La Familia

Isidoro Fernández Flórez


Cuento


Nos encontrábamos sentados á la mesa redonda del restaurant de La Perla. Había diez ó doce individuos todavía. Se había servido el café y el coñac. Estaban en tela de juicio, sobre el mantel, los más sagrados fundamentos sociales. Se hablaba de la familia. Después de una comida que había empezado con sopa de rabo de buey y había concluido con tortillas al ron, eran disculpables todas las conversaciones y todos los extravíos.

Hubo un momento en que todo el mundo hablaba á un mismo tiempo, sin que pudiera entenderse nadie en aquella confusión de gritos. Los brazos y las copas estaban en el aire; se golpeaba en la mesa con los mangos de los cuchillos y con las cucharillas. Pero, al fin y al cabo, los de menos pulmón callaron. El campo quedó por dos combatientes. Era el uno un caballero alto, flaco, de rostro amarillento y de larguísima nariz, de ojos azules, grandes, redondos y muertos, y vestido, mejor dicho, enfundado en un gabán negro. Fin duda era un ideólogo, mejor dicho, un malvado.

—¡Oh!—había prorrumpido.—¡La familia! ¿Y todavía hay quien defienda eso?

Realmente, su figura, como sus ideas, inspiraba la más profunda antipatía.

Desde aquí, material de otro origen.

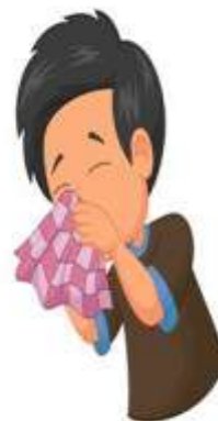
Coughing and Sneezing Hygiene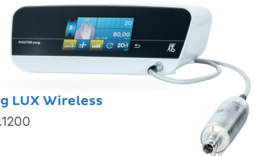
MASTERSurg LUX Wireless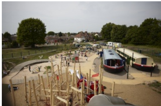
Wisbech Adventure Playground. Courtesy: Sutcliffe Play (main contractor and designer) and Snug & Outdoor (additional play and design)

Su contrincante era muy diferente. Era respetable, limpio, gordo, blanco, entre cano y bermejo, de ojillos grises, defendidos por cristales de roca engarzados en oro; mucha tirilla y gran pechera, y un disforme chaleco del color de la manteca de Flandes, sobre el cual danzaban á cada movimiento suyo la cadena de su reloj y media docena de dijes y sellos. Había tomado á su cargo la santa defensa de la familia, y se llevaba de calle á los oyentes, maravillados de su buen sentido, su saber y su elocuencia.

Mas el hombre que parecía un paraguas no se daba por convencido. Sin duda había sido muy desgraciado con sus parientes; sin duda en aquel cuerpo enflaquecido y oxidado había ido recogiendo la hiel de los desengaños domésticos, la más negra, la más amarga, la más corrosiva de las hieles... El era, sin duda, un drama de familia viviente; su arrugada figura denotaba la sequedad de su corazón y de sus sentimientos. En cambio, el defensor de los grandes principios sociales publicaba en su color sanísimo, en su abdomen patriarcal, en el aseo y corte de su traje, en la placidez, serenidad y aire autorizado de su persona, que el hogar doméstico y toda la familia, en sus diversas ramificaciones, sólo tenían para él alegrías, dulzuras y bienandanzas.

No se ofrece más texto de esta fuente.